Inflazione e deprezzamento della lira
Tuttavia, è principalmente sulla performance economica che continua a giocarsi la partita più importante per Erdoğan. Nell’ultimo anno l’impennata dell’inflazione e il deprezzamento della lira hanno avuto pesanti ripercussioni sul piano interno, facendo registrare una significativa perdita di potere d’acquisto soprattutto dei ceti medio-bassi.

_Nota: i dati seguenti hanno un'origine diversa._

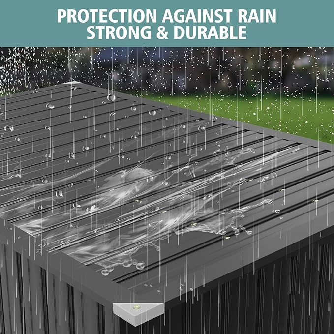 - Sturdy & Durable: Built from galvanized steel with a black powder-coat finish, this storage shed is strong and durable, suitable for long-term use. It can withstand harsh weather like rain, wind, and snow. The use of color-coated sheets guarantees that this product stays corrosion-resistant. It's perfect for outdoor settings such as around pools, in gardens, and on lawns
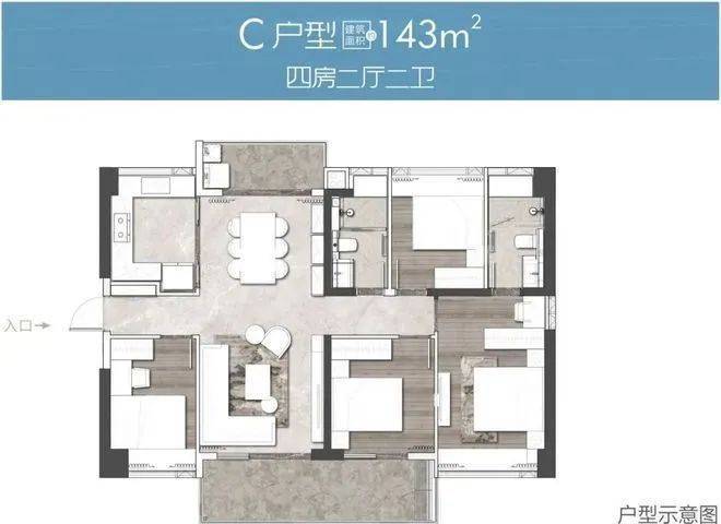 户型方正实用,109-143㎡的3-4房设计,户户双阳台,层高3.15米,居住舒适度高。
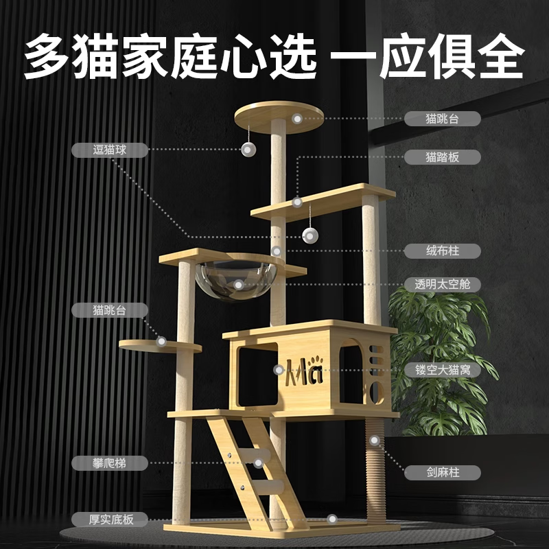 宠情 猫爬架猫窝猫树一体大型猫架猫抓架通天柱跳台太空舱猫咪用品大全 【1.25米】喵星花园
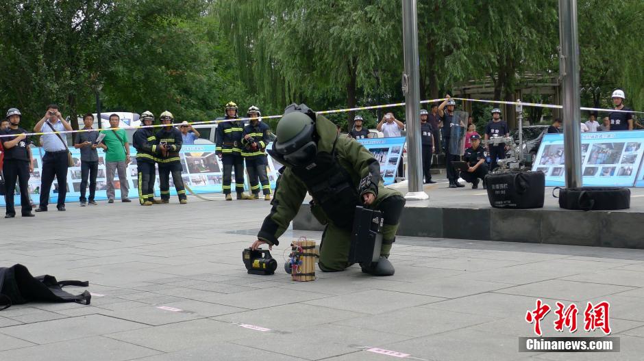 7月23日,北京市医院管理局向21家市属医院统一配发一批反恐防暴安全防护装备,包括防刺服、防暴钢叉、执法记录仪等。同时,在北京地坛医院,北京市公安局文保总队、市公安局特警总队等共同开展“制服歹徒”和“排除爆炸物”的反恐防暴演练,并展示刚刚配发的安防装备器材使用方法和效果。杜燕 摄
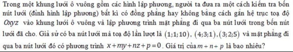 `A(1;1;10)`, `B(4;3;1)` và `C(3;2;5)`
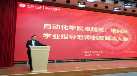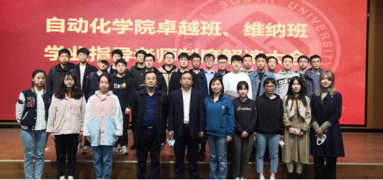 卓越班、维纳班学业指导老师制度解读大会在新校区信息楼108报告厅顺利召开。学院王春生副院长,人工智能系王勇主任、自动化系董密书记、电气工程系李志勇书记、电子信息系陈宁书记,20级维纳班班导师李繁飙副教授、21级卓越班班导师周灿副教授及全体同学参加会议。会议由自动化系主任蒋朝辉教授主持。
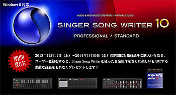 今回のキャンペーンは、「Singer Song Writer 10 Professional」、「Singer Song Writer 10 Standard」のパッケージ版を期間中に購入し、ユーザー登録をすると素敵な商品をもれなくプレゼンするというもの。
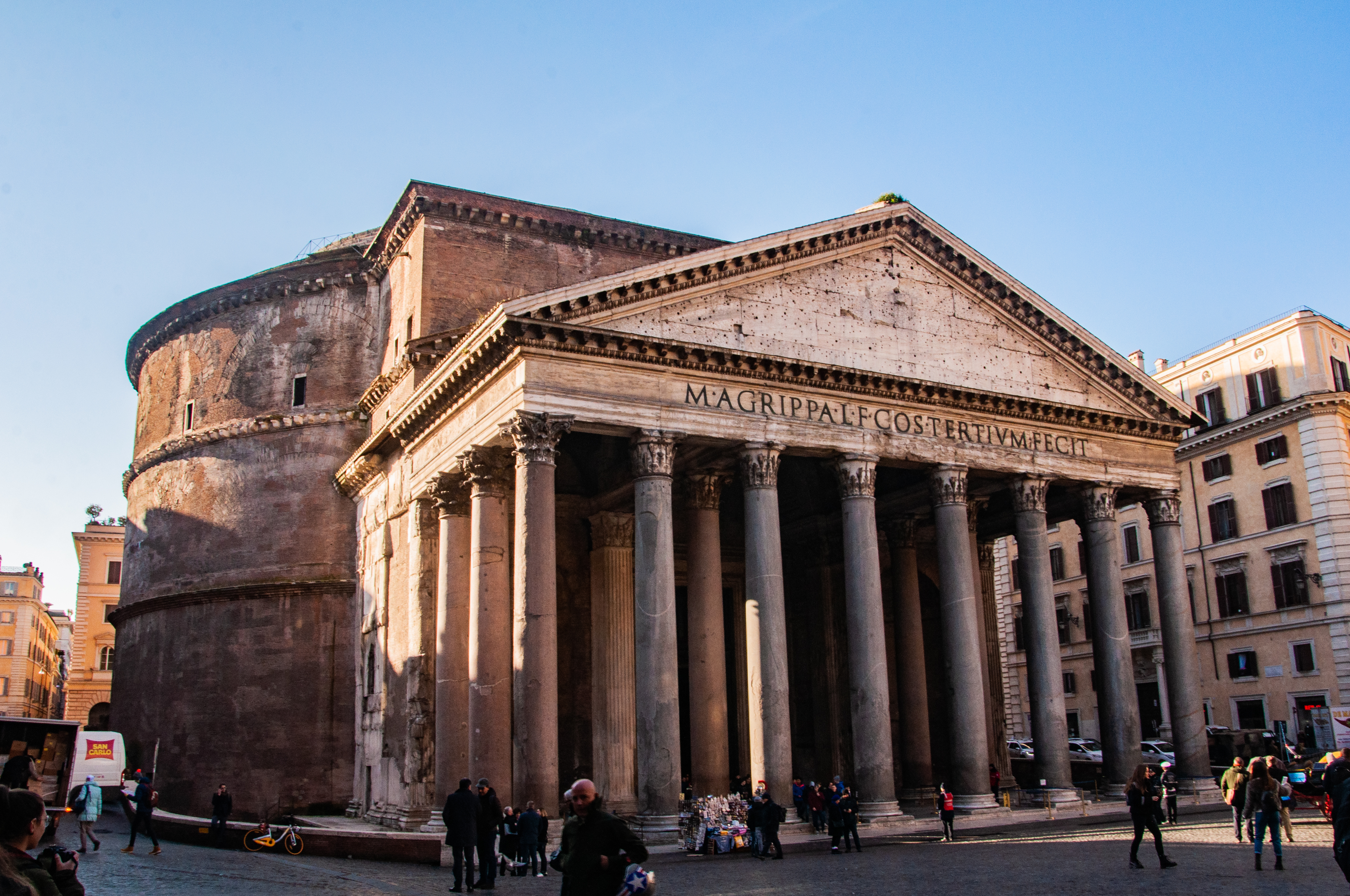 Over the front entrance is an inscription dedicated by the emperor Hadrian to Marcus Agrippa, who was the man responsible for the construction of another Roman temple, the Maison Carrée in present-day France.

Nel 2022 il tasso medio di inflazione è stato del 72,3 percento – con un picco di 85,5 percento a ottobre – contro il 19,6 percento del 2021. Dopo mesi di impennata solo a dicembre si è registrato un calo dei prezzi al consumo, con un tasso del 64,3 percento, dovuto principalmente alla riduzione dei prezzi del petrolio, dalle cui importazioni la Turchia dipende ampiamente per soddisfare il proprio fabbisogno interno. La non convenzionale politica monetaria – basata sulla considerazione che bassi tassi contribuiscano a contrastare l’inflazione – perseguita dal presidente turco, la cui influenza sulla Banca centrale turca si è accresciuta negli anni, è la ragione principale di questa impennata. A partire da agosto 2022, l’istituzione monetaria turca ha operato una serie di tagli che hanno progressivamente ridotto il tasso di interesse, ribassato all’8,5 percento a metà febbraio. Ciò si spiega alla luce del fatto che, nonostante tutto, l’obiettivo del governo rimane quello di stimolare la crescita dell’economia attraverso politiche espansive. Secondo l’Istituto di statistica turco, la Turchia ha conosciuto una crescita del 5,6 percento nel 2022, un dato superiore al 5 percento previsto dal Fondo monetario internazionale (FMI) lo scorso ottobre, ma inferiore alle percentuali dei primi due trimestri dell’anno, rispettivamente 7,6 e 7,8 percento. Stimolo principale della crescita (soprattutto nei primi sei mesi del 2022) è stato l’aumento della spesa per i consumi, +19,7 percento sull’intero anno, con un rallentamento nell’ultimo trimestre. Ciò si spiega anche alla luce delle misure di sostegno messe in campo dal governo – tra cui l’aumento del salario minimo, degli stipendi del settore pubblico e delle pensioni – unite al progressivo taglio dei tassi di interesse (proprio per favorire la crescita) in una fase in cui invece molti paesi sono andati in direzione opposta per contrastare l’inflazione provocata delle ricadute sui mercati internazionali della guerra in Ucraina.
L’impatto del sisma
In questo contesto, il sisma – che ha devastato dieci province dell’Anatolia meridionale al confine con la Siria provocando la più grave crisi umanitaria della storia della Turchia moderna – ha aggiunto forti criticità a una situazione economica già fragile. Mentre resta ancora da vedere quale sarà l’impatto effettivo del terremoto sull’economia turca, in un recente rapporto il governo di Ankara ne ha stimato i costi economici a 103,6 miliardi di dollari, ovvero circa il 9 percento del Pil turco per il 2023. Sono in molti a ritenere che il sisma – così come avvenuto nelle elezioni del 2002, le prime dopo il terremoto del 1999, che consacrarono la vittoria di misura dell’AKP – possa anche in questo caso dare una forte scossa sul piano politico al paese. Ma in questa fase i giochi rimangono ancora aperti. Non solo perché il presidente ha in mano più carte dei suoi avversari, ma anche perché l’eterogeneità della coalizione d’opposizione potrebbe non dare all’elettorato quelle rassicurazioni di cui ha bisogno in una congiuntura difficile per il paese. Il ritorno al parlamentarismo e la ferma opposizione nei confronti di Erdoğan sono di fatto il collante principale di un fronte che mette insieme formazioni politiche molto diverse tra di loro (dagli eredi del kemalismo ai nazionalisti e ai fuoriusciti dell’AKP), e il timore è che i particolarismi possano poi prevalere a discapito della governabilità e della stabilità interna. A oggi, dunque, la partita elettorale tra Erdoğan e il suo principale sfidante Kemal Kılıçdarog˘lu – il leader del Partito Repubblicano del Popolo (CHP) dietro cui si è unito il fronte delle opposizioni – sembra ancora da giocare. Ago della bilancia, anche questa volta, potrebbe essere il voto dei curdi (circa il 20 percento della popolazione) che già da tempo non sono più base di consenso del presidente turco.